Lying the count on file:
When the Defendant pleads guilty to multiple serious offences, the prosecution will simply ask the judge to strike out his minor offences from the indictment. This way these counts will be put on hold, usually permanently.

Where Defence counsel withdraws/ dismissed from D’s case, he may receive legal and the judge will adjourn upon application of D to get a new counsel.

Sometimes a court can defer its sentence for upto 6 months to allow D to prove to the court that he has either changed himself or that the offence he committed is his first and last time. This enable D to present himself to the court at the end of the deferred periof as a better person and often receiving a lighter sentence as a result.

Regarding Sentences, in determinate custodial sentence, the court orders D to serve half sentence in prison and the other half in the community. The custodial sentence part is kept for the shortest possible period to serve the purpose of the sentence. If D has been in custody for any period before the sentence, that period is counted with the sentence.

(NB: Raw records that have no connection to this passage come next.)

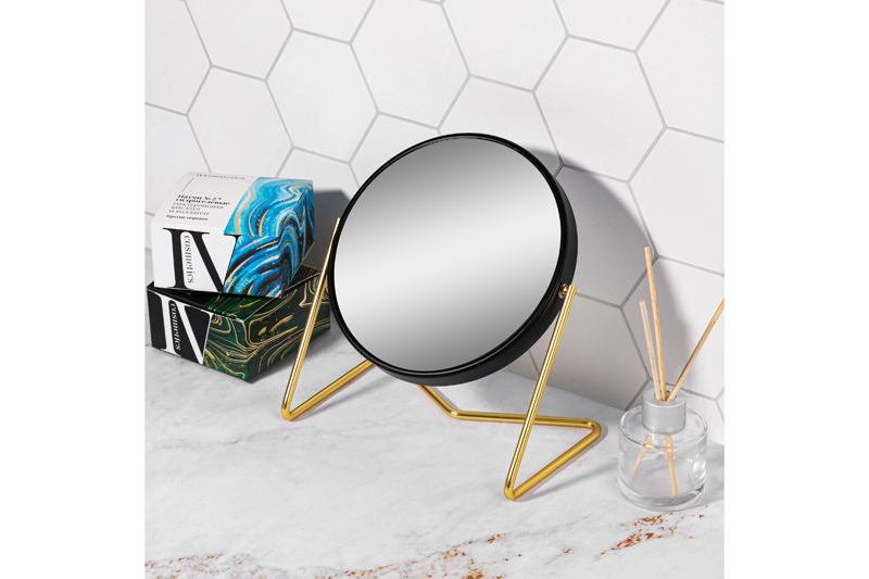 БЫЛО 756 руб! Зеркало двустороннее на подставке 16,5*10,5*18,5 см "Черное"
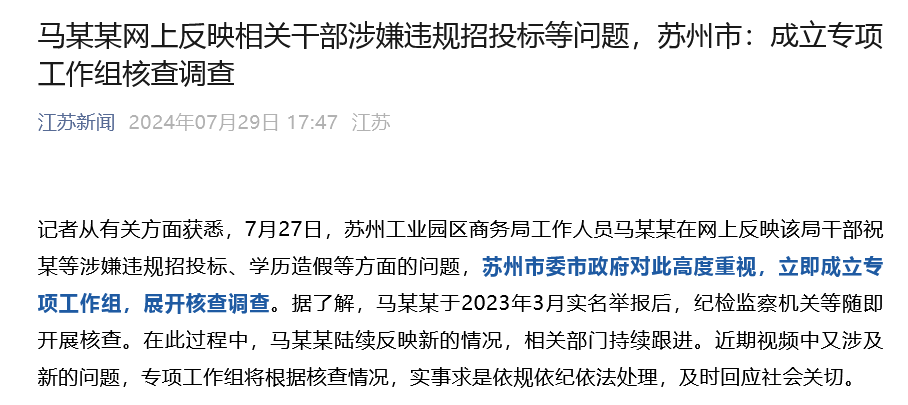 据新黄河消息,7月28日,自称2018届清华大学毕业生、苏州工业园区商务局科员马翔宇在网上公开实名举报其供职的苏州工业园区商务局局长祝某及其团伙违反政治纪律、组织纪律、工作纪律、廉洁纪律,在政府采购中围标串标、虚设项目套取资金、进行利益输送、向省委巡视组提供虚假材料,以及祝某本人学历造假。 28日下午,记者联系到祝某本人,其表示,“这件事我现在不方便表态,你可以联系我们苏州工业园区宣传部。”记者随后多次拨打宣传部电话,但无人接听。苏州工业园区新闻中心的工作人员则表示,“我们有关注到这个情况,相关的部门也正在核实中,具体的结果要等核实结果出来后,我们会第一时间反馈。” 7月29日下午,据江苏新闻消息,记者从有关方面获悉,7月27日,苏州工业园区商务局工作人员马某某在网上反映该局干部祝某等涉嫌违规招投标、学历造假等方面的问题,苏州市委市政府对此高度重视,立即成立专项工作组,展开核查调查。据了解,马某某于2023年3月实名举报后,纪检监察机关等随即开展核查。在此过程中,马某某陆续反映新的情况,相关部门持续跟进。近期视频中又涉及新的问题,专项工作组将根据核查情况,实事求是依规依纪依法处理,及时回应社会关切。 【来源:九派新闻综合新黄河、江苏新闻】 |
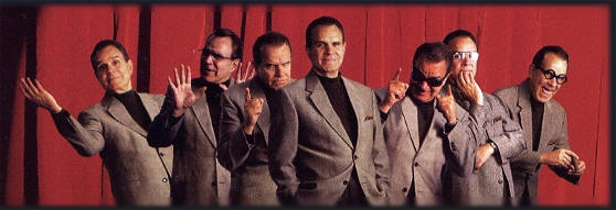 Some of his favorite current stars are Arnold Schwarzenegger, Sylvester Stallone, Jack Nicholson, and Clint Eastwood. "They're easy to do," he says. "They are larger than life." Little says,"an impression is what you think a person sounds like. It could be an exaggeration or a cartoon. It's your impression. I think of an impersonation as more of an exact copy. Knowing the person personally is not important; it's knowing the speech patterns and mannerisms [in order] to imitate the person the way the public sees him." It took him seven years to perfect Frank Sinatra, but only several minutes to mimic Dr. Ruth. The son of a doctor in Ottawa, Canada, Rich started his "career" at the age of 12 when he answered back to his teachers in their own voices. Observing the teachers in action was infinitely more fun than paying attention to class work. To get dates, he'd find out the girl's favorite actor, then call her up imitating that actor's voice. Then when Rich showed up, he'd say, "Sorry, Cary can't make it." Rich's first appearances were in a small club in Canada. "I got booked into this place in Quebec, and when I started my act, I discovered that no one in the audience understood English. It was strictly a French-speaking audience." He figured he was dead until an inspiration hit him. "I did walks . . . Jack Benny's walk, Bob Hope's walk, John Wayne's walk. They all walk the same in French as in English," he recalls. While working as a disc jockey and talk show host, for one April Fools Day marathon he had "Jimmy Durante" emcee the morning show; "James Mason" was a rock 'n' roll deejay; and "Elvis Presley" hosted an afternoon program. Like the infamous 1939 broadcast of "War of the Worlds," 500 autograph-hungry Elvis-believing fans besieged the station, thinking the King was really there. While still in his early 20's, Little was "discovered" in the United States. His friend, singer Mel Torme, then on the musical team of CBS' The Judy Garland Show, asked him to make a tape. Instead of the usual impressions, he did Fred MacMurray, Dana Andrews, James Mason and Van Heflin,"the kinds of people nobody did." Garland thought it was "great" and Little was signed for the show. Appearances on TV variety shows starring Ed Sullivan, Jackie Gleason, Glen Campbell, and Dean Martin followed, as well as on such series as Laugh-In, The John Davidson Summer Show, and The Julie Andrews Show. Little had his own variety show in the 70's. He also was an early guest host on that TV staple, The Tonight Show, hosting 12 times. He was the star of the TV show KopyKats. Rich Little became a household name sitting in one of the Hollywood Squares and has also appeared on the Oak Ridge Boys Variety Special. He was named "Comedy Star of the Year" by the American Guild of Variety Artists. The perpetrator of nine comedy albums and three HBO comedy specials, Rich Little's Christmas Carol with "W.C. Fields" as Scrooge, "Humphrey Bogart" as one of the ghosts and "Paul Lynde" as Bob Cratchit won an Emmy, among other awards. His latest appearance on HBO was as Johnny Carson in the movie The Late Shift, which dealt with the race to succeed Carson on The Tonight Show. Little has appeared on the daytime soaps The Young and the Restless and Santa Barbara. He has made dramatic guest shots on Fantasy Island, Chips, Murder She Wrote, Hawaii Five-O, MacGyver, Police Woman, and Mannix. In a GQ fashion spread, Little was pictured as Richard Nixon, Jack Nicholson, Cary Grant, George Burns, Ronald Reagan and Humphrey Bogart. In an Oscar pre-cast of ABC's Primetime (with Diane Sawyer and Sam Donaldson) he spoofed classic movies, proposing how they would end with different casts, starring Little as "Bette Midler" as Scarlett O'Hara and "Arnold Schwarzenegger" as Hamlet. Little's expert impressions have also been used seriously, as when he stepped in for stars who were unable to do their own redubbings on soundtracks. David Niven's vocal cords were gone due to illness in his last film, Curse of the Pink Panther. Peter Sellers himself was gone by the end of The Trail of the Pink Panther. Little provided both voices for these films. The TV series Mickey Spillane's Mike Hammer needed voice-over narrations on three shows, but star Stacey Keach was unable to finish them. Rich Little was called in to finish the job. He also did Gene Kelly for a Christmas special when Kelly lost his voice. His greatest fear? A sore throat. "Other people get a cold, and they just get a cold. I get a cold and John Wayne gets a cold, Orson Welles gets a cold, Nixon gets a cold, Truman Capote gets a cold. No correction, Truman gets the sniffles. I get a cold and it's all over." Over the years Rich Little has been active with children's charities and he was co-host of the Canadian division of the Children's Miracle Network. He was inducted into the Miami Children's Hospital International Pediatrics Hall of Fame for his tireless efforts in fundraising on behalf of children. In June of 1998 Rich Little added his star to the Canadian Walk of Fame to go along with his current star on the Hollywood Walk of Fame. Though still a Canadian citizen, Rich lives in Las Vegas with his wife Marie. He has two daughters, who ride horses and cheerlead full-time. (And, oh yeah, don't forget about the two cats!) |
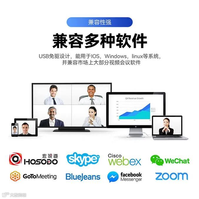 体验流畅稳定: 自适应算法,光照变化无感切换,会议更专注。
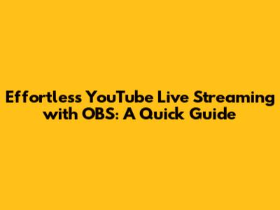 Effortless YouTube Live Streaming With OBS: A Quick Guide
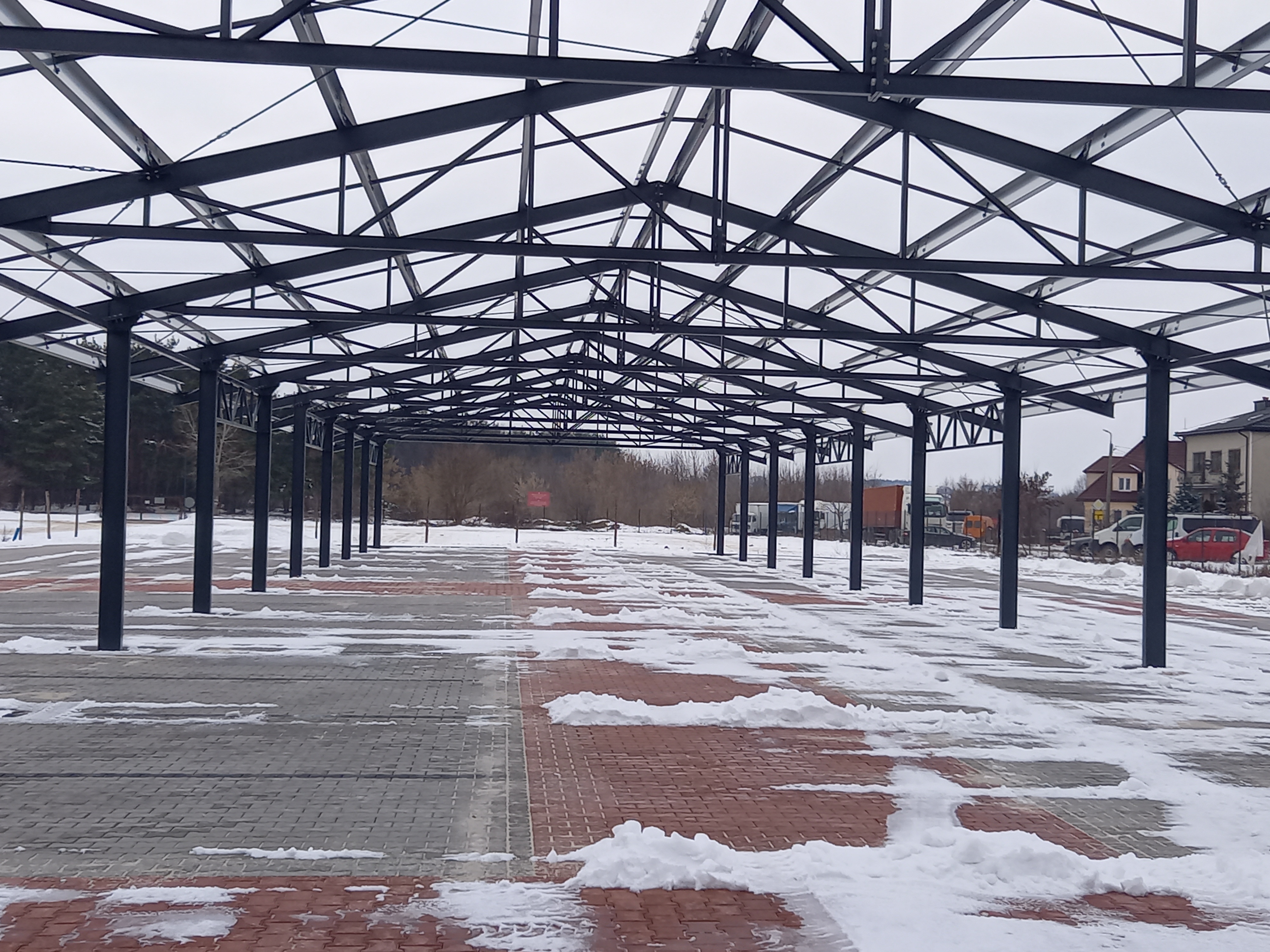 Trwają prace końcowe na białobrzeskim targowisku. Wykonawca rozpoczął montaż wiat handlowych. Zadanie p.n. „Mój rynek – przebudowa targowiska miejskiego w Białobrzegach, etap II”, realizowane jest ze środków Unii Europejskiej i gminy Białobrzegi.

Also there is a provision of ‘Suspended Sentence’ where the D is told to fulfil a certain criteria to avoid prison entirely. For example, D has a 1 year imprisonment that has been suspended by the court for a period of 2 years. In this 2 years, D has to be under supervision and do unpaid work for a number of hours. If he completes his required task in the given period, he will not have to serve a single day in prison.

If the D is unhappy with the Magistrate Court’s decision and the Magistrate considered that they made a mistake, then they can vary or set aside the conviction under s.142 of the Magistrate’s Courts Act 1980.

As it is usual that D can sometimes lie at the police interview. And the obvious inference that the Jury may draw is that the D is guilty of the offence. But the judge would intervene and say that this is not the case. It might be that D lied because he was doing something not illegal but what can for example ruin his marriage. By giving a Lucas Direction to the jury, the judge would warn that they must be satisfied beyond reasonable doubt that the lie was deliberate and relates to the material issue before they can hold it against the D.